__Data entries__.
++++++
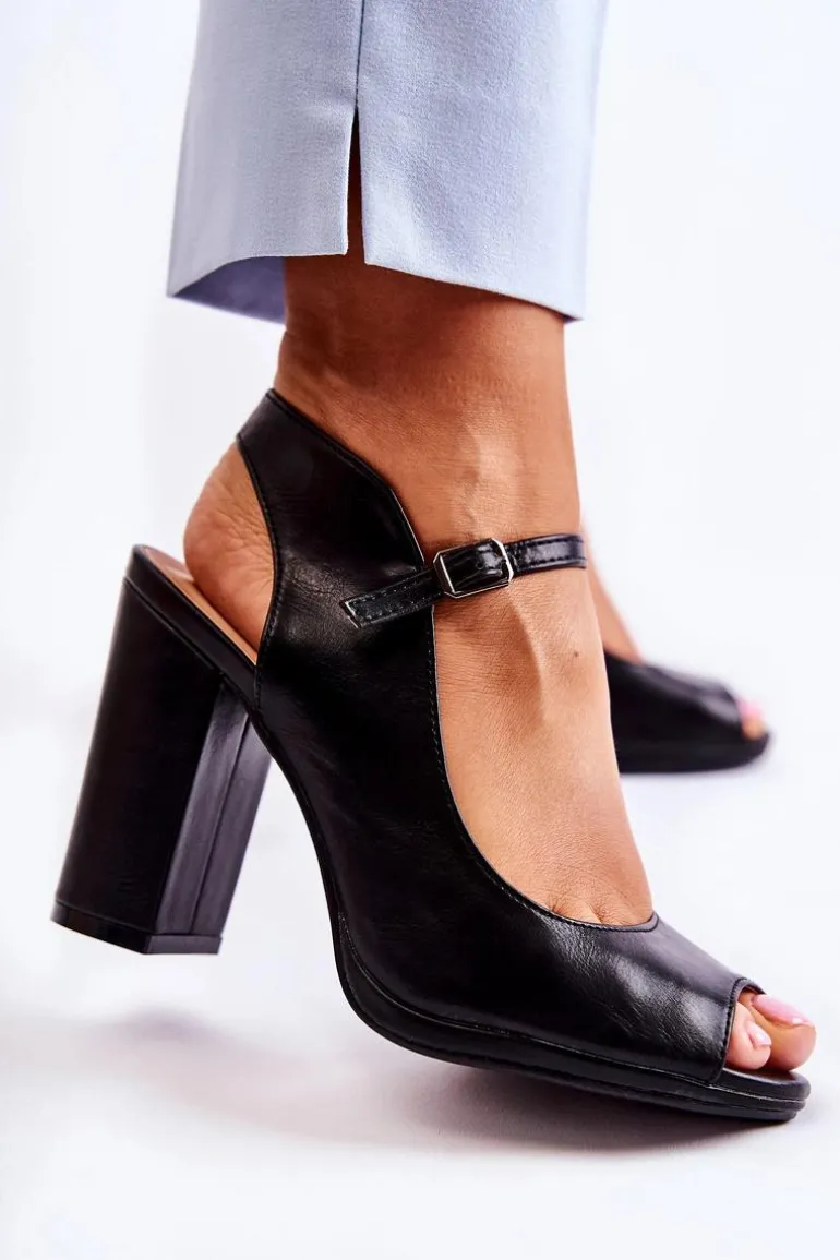 Klasyczne sandały zostały osadzone na obcasie w postaci słupka. Posiadają regulowany pasek zapinany na sprzączkę. Buty świetnie sprawdzą się w wielu stylizacjach. Wykonane z eko skóry zarówno na zewnątrz, jak i w środku. O komfort zadba miękka wkładka, która jest bardzo wygodna podczas użytkowania. Nosek odkryty i zaokrąglony. Przy wyborze rozmiaru prosimy sugerować się tabelą rozmiarów.
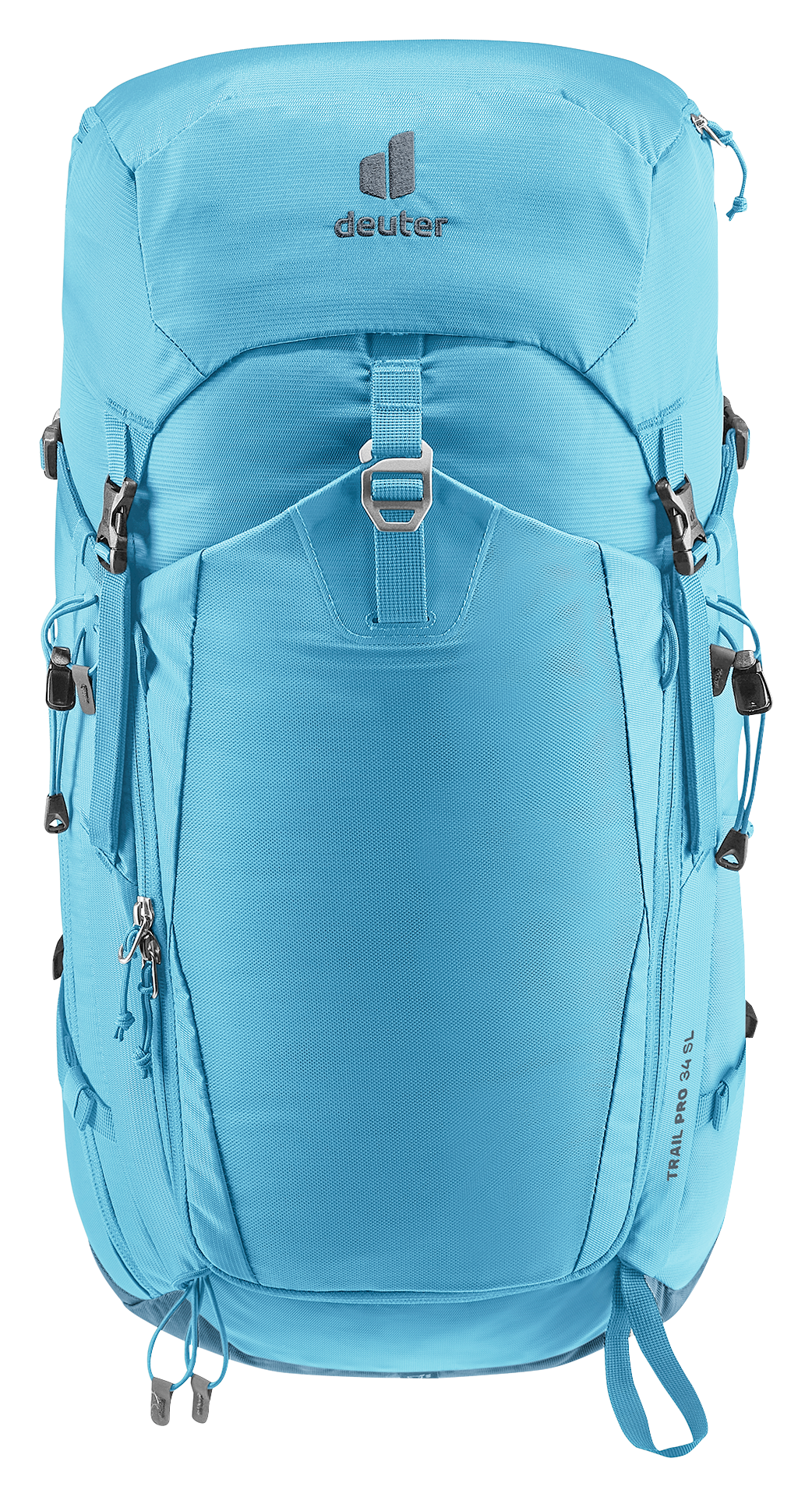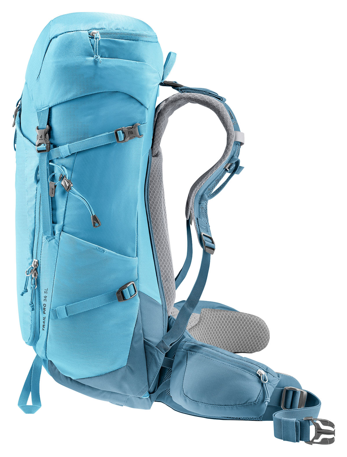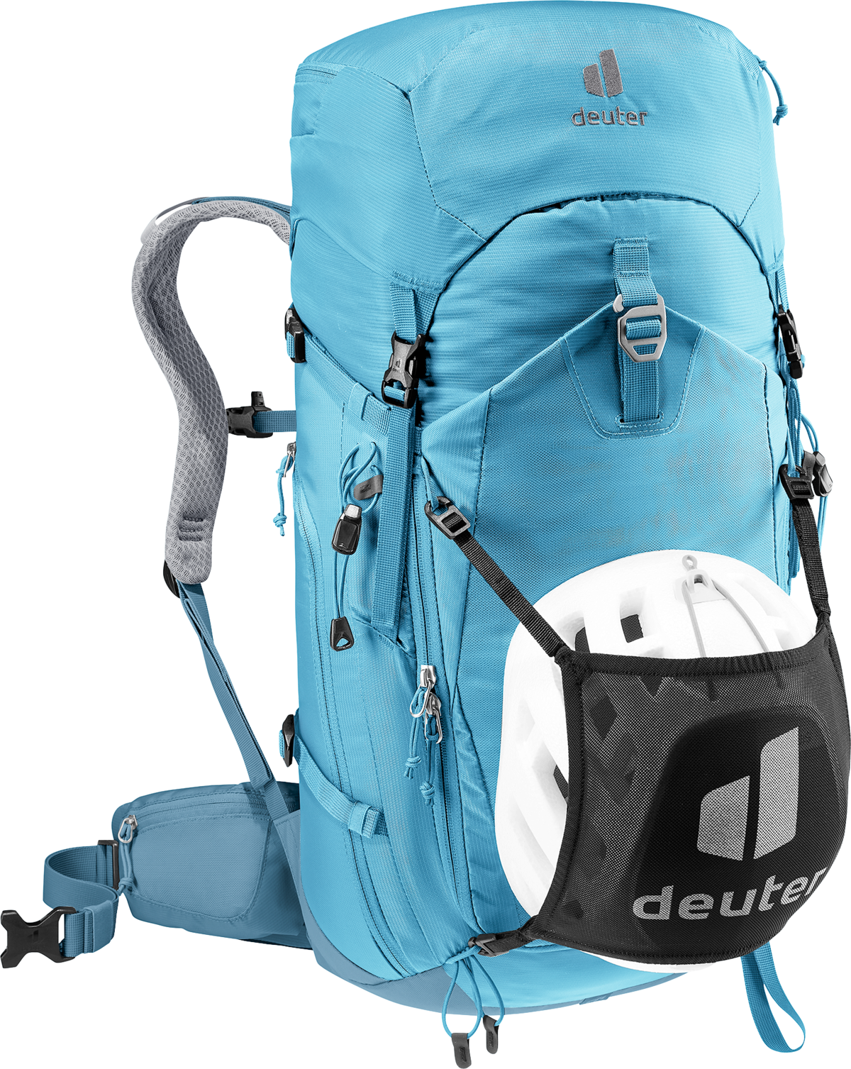 - Regenhülle; Zwei Pickelhalterungen; SOS-Label mit Notrufnummern; anschmiegsame Hüftflossen; Netz-Hüftflossen und -Schulterträger mit Karabiner-Fixierung; elastische Fronttasche; geräumiges Deckelfach; Reißverschluss-Seitentasche und elastische Seitentasch
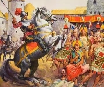 否认他们的白人身份没有任何用处,因为他们不会按照有色人种的思维行事,图为西班牙人征服印加帝国
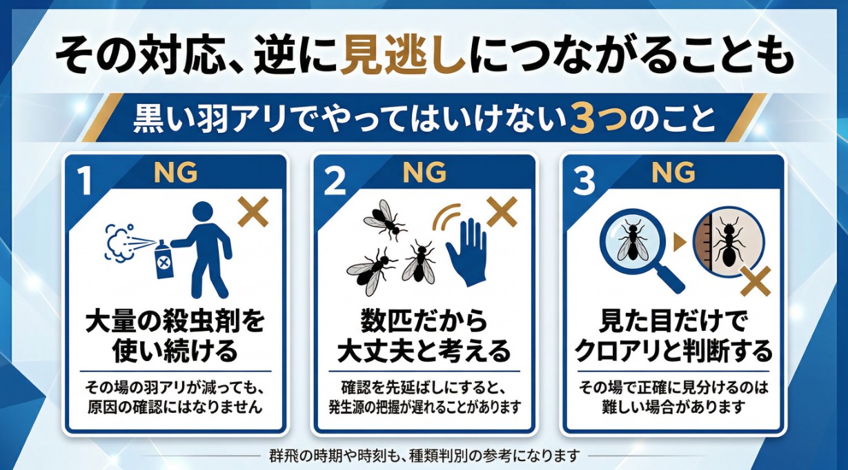 ■黒い羽アリを放置すると、どのようなリスクがあるのか
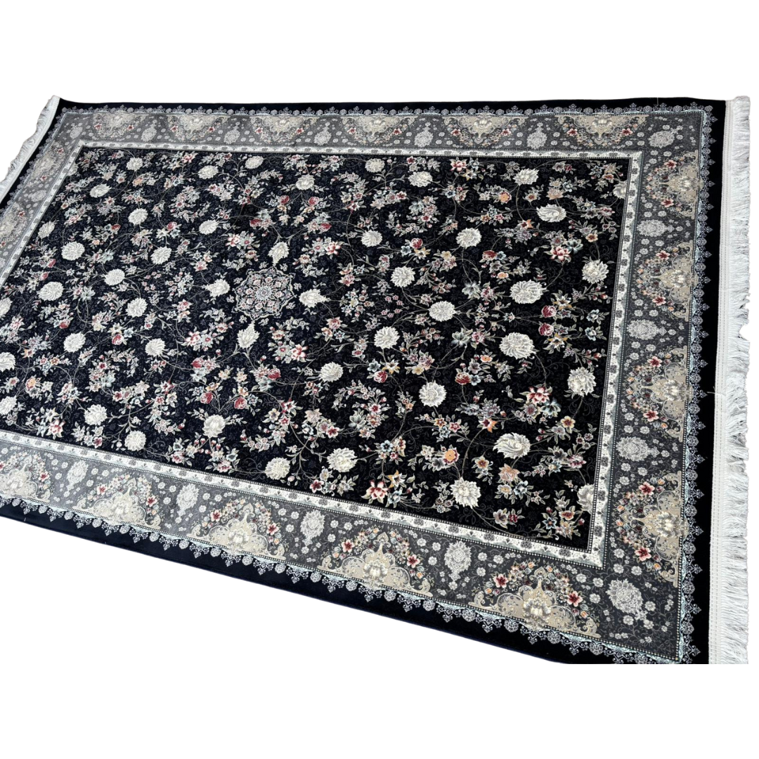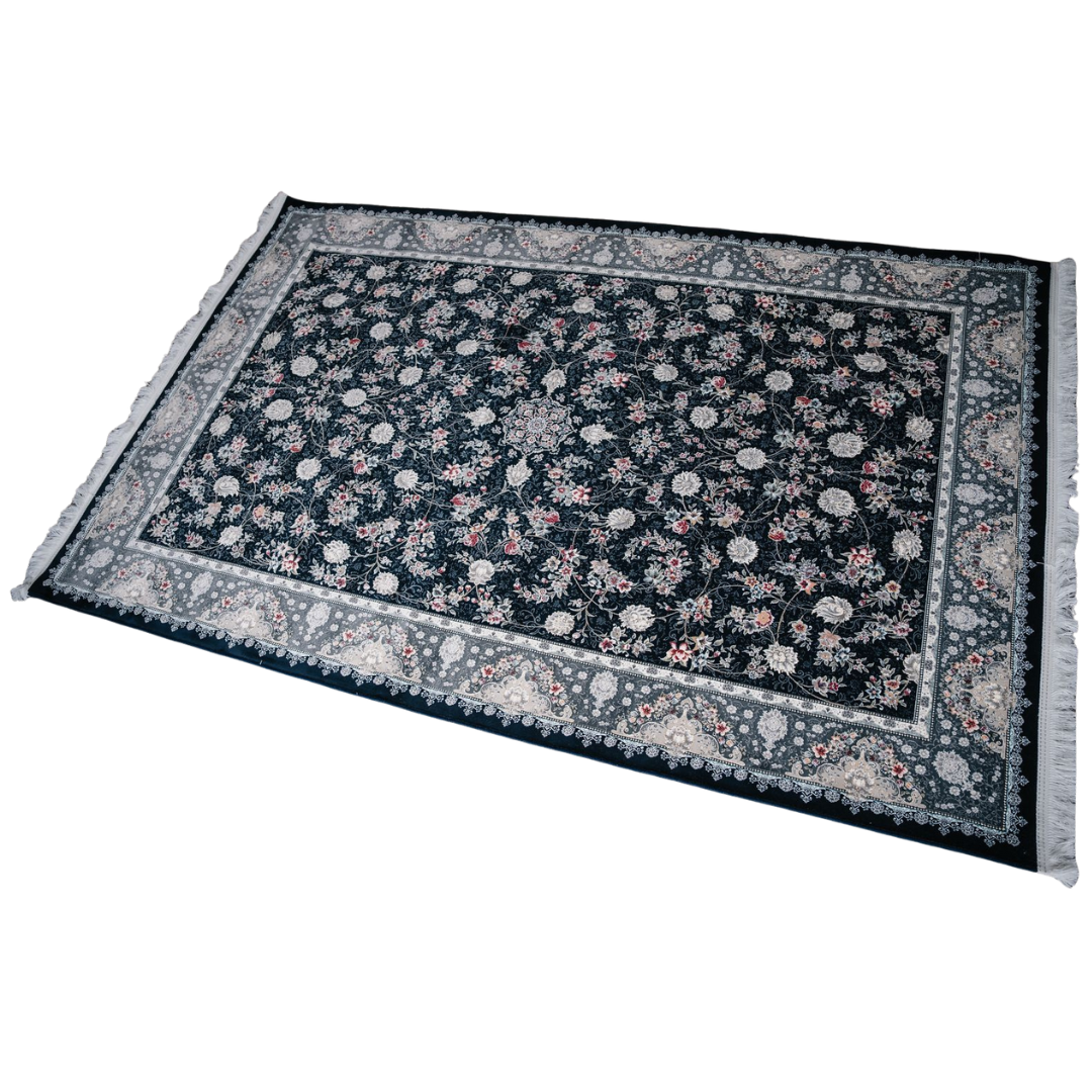 A finely woven Persian-style carpet showcases a deep navy blue base, beautifully decorated with an all-over floral design. The soft ivory and rose-toned blossoms create a striking contrast against the dark background, while the ornate grey and cream border frames the piece with elegance and balance.
++++++
__The task__. Output each record above exactly; omit the images.

__Expected output__.
 Klasyczne sandały zostały osadzone na obcasie w postaci słupka. Posiadają regulowany pasek zapinany na sprzączkę. Buty świetnie sprawdzą się w wielu stylizacjach. Wykonane z eko skóry zarówno na zewnątrz, jak i w środku. O komfort zadba miękka wkładka, która jest bardzo wygodna podczas użytkowania. Nosek odkryty i zaokrąglony. Przy wyborze rozmiaru prosimy sugerować się tabelą rozmiarów.
 - Regenhülle; Zwei Pickelhalterungen; SOS-Label mit Notrufnummern; anschmiegsame Hüftflossen; Netz-Hüftflossen und -Schulterträger mit Karabiner-Fixierung; elastische Fronttasche; geräumiges Deckelfach; Reißverschluss-Seitentasche und elastische Seitentasch
 否认他们的白人身份没有任何用处,因为他们不会按照有色人种的思维行事,图为西班牙人征服印加帝国
 ■黒い羽アリを放置すると、どのようなリスクがあるのか
 A finely woven Persian-style carpet showcases a deep navy blue base, beautifully decorated with an all-over floral design. The soft ivory and rose-toned blossoms create a striking contrast against the dark background, while the ornate grey and cream border frames the piece with elegance and balance.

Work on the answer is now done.